Our flying observatory, called SOFIA, carries a 100-inch telescope inside a Boeing 747SP aircraft. Scientists onboard study the life cycle of stars, planets (including the atmospheres of Pluto and Jupiter), nearby planetary systems, galaxies, black holes and complex molecules in space.
Usually based in California, SOFIA and its team are returning to the Southern Hemisphere to study objects that aren’t visible from the Northern Hemisphere and to take advantage of the long winter nights. The team operates from Christchurch, New Zealand, regularly between June and August and continues with more big plans for this year.
Working with New Horizons
Our SOFIA and New Horizons teams are working together again, to learn more about the next object that the New Horizons spacecraft will fly past, Kuiper Belt Object 2014 MU69, or MU69. This will be the farthest object ever encountered by any spacecraft, but little is known about it.
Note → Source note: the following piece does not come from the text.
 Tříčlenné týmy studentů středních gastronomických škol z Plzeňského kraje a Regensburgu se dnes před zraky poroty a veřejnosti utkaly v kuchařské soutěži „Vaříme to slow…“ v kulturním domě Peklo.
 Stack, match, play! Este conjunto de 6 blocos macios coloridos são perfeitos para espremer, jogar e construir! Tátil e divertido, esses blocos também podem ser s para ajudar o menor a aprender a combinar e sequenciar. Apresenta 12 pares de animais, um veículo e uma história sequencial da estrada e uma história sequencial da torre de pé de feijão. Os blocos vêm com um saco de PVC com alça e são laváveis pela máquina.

Our team on SOFIA will be searching for possible debris around MU69 that could damage the spacecraft and will measure its size, helping the New Horizons team plan their next flyby.
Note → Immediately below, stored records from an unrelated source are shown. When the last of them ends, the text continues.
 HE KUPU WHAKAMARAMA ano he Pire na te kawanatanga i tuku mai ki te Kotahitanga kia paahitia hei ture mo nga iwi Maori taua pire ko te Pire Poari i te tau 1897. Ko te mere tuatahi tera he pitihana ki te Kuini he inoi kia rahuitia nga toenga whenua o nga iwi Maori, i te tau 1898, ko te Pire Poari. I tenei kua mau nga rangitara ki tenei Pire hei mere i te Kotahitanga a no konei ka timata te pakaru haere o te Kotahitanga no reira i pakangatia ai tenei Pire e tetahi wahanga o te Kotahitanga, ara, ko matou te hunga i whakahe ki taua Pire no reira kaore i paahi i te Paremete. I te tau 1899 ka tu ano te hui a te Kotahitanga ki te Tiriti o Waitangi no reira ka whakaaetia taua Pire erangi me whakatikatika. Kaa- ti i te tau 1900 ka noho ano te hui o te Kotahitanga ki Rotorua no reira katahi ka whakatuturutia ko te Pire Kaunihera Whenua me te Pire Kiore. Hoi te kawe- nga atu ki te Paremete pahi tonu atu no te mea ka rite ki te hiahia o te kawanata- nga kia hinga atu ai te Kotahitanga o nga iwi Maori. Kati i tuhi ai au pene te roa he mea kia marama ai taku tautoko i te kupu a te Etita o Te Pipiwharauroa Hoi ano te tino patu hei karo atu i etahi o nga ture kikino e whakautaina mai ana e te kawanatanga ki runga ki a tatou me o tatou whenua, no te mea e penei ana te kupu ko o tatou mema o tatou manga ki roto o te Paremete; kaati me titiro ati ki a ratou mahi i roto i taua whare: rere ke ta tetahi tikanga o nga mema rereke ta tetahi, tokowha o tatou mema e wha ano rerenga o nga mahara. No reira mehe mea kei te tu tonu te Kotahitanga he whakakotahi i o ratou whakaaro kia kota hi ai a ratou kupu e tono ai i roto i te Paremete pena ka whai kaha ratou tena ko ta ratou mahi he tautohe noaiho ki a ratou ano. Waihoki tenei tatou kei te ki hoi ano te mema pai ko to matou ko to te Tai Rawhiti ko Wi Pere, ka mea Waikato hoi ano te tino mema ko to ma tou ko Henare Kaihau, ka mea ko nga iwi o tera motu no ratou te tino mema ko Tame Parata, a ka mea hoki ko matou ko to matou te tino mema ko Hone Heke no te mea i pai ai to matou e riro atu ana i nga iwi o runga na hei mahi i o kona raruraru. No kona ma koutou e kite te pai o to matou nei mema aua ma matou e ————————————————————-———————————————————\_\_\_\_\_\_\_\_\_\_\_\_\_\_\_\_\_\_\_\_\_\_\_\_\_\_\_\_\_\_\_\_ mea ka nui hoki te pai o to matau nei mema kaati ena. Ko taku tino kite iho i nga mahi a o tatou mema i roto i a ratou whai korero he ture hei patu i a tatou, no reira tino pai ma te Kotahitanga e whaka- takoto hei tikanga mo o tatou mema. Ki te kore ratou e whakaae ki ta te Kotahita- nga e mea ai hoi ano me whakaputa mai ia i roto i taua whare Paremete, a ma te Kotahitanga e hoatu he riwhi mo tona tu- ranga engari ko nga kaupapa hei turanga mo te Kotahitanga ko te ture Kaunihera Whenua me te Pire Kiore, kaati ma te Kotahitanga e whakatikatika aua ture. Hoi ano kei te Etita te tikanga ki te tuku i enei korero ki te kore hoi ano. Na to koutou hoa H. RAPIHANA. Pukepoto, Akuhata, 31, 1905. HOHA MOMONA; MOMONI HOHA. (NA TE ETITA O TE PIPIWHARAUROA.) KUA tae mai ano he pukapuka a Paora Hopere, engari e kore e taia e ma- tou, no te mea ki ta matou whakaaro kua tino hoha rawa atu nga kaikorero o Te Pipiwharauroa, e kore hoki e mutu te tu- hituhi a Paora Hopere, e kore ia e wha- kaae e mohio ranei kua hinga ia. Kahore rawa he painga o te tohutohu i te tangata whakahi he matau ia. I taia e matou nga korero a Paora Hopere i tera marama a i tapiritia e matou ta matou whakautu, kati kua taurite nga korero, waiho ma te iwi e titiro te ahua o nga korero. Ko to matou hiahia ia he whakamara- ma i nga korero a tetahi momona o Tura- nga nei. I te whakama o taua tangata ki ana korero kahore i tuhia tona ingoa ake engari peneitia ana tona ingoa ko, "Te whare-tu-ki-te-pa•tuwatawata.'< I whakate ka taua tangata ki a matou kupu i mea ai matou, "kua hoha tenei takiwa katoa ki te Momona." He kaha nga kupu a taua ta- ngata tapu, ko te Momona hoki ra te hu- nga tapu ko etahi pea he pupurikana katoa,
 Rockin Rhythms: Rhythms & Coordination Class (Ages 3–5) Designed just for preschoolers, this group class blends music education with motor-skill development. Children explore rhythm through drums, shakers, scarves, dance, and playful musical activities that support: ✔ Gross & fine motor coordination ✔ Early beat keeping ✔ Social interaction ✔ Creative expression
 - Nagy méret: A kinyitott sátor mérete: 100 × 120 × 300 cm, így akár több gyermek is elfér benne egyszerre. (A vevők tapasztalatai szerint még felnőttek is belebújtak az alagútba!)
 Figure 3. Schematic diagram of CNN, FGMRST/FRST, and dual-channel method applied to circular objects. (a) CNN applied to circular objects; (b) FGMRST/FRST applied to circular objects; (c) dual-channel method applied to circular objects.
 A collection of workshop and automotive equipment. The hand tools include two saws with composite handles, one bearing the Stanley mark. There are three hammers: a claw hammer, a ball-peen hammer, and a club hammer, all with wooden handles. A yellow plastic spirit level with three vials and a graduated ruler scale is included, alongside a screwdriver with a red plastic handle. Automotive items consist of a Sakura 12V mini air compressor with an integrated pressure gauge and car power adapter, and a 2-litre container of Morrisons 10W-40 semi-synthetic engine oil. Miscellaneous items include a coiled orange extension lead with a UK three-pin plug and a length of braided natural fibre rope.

How We Study Distant Celestial Objects from Earth
Our SOFIA team will study MU69 on July 10, 2017, well before New Horizons arrives in January 2019. We can study this distant object from Earth by flying in the faint shadow that it will cast on Earth’s surface as it passes in front of a star. SOFIA will fly directly into the center of this shadow as it moves across the Pacific Ocean. From inside the shadow, the team onboard will study how the light from the star changes as MU69 passes in front it, allowing them to measure its size and to establish if there are any rings or debris around it. The observations will work in the same way that we studied Pluto using SOFIA two weeks before New Horizon’s Pluto Flyby in 2015.
Observing Other Galaxies
The Magellanic Clouds are neighboring galaxies to our own Milky Way Galaxy. We’re studying how stars are forming in the Large and Small Magellanic clouds to compare those processes to star formation in our own galaxy. The Magellanic Clouds are best observed from the southern hemisphere.
And Supernova 1987A
Inside the Large Magellanic Cloud is Supernova 1987A, the closest supernova explosion witnessed in almost 400 years. Our team onboard SOFIA will continue studying this supernova to better understand the material expanding out from it, which may become the building blocks of future stars and planets. Many of our telescopes have studied Supernova 1987A, including the Hubble Space Telescope, the Chandra X-ray Observatory and SOFIA’s predecessor, the Kuiper Airborne Observatory, but the instruments on SOFIA are the only tools we can use to study the debris around it at infrared wavelengths, to better understand characteristics of the dust that cannot be measured using other wavelengths of light.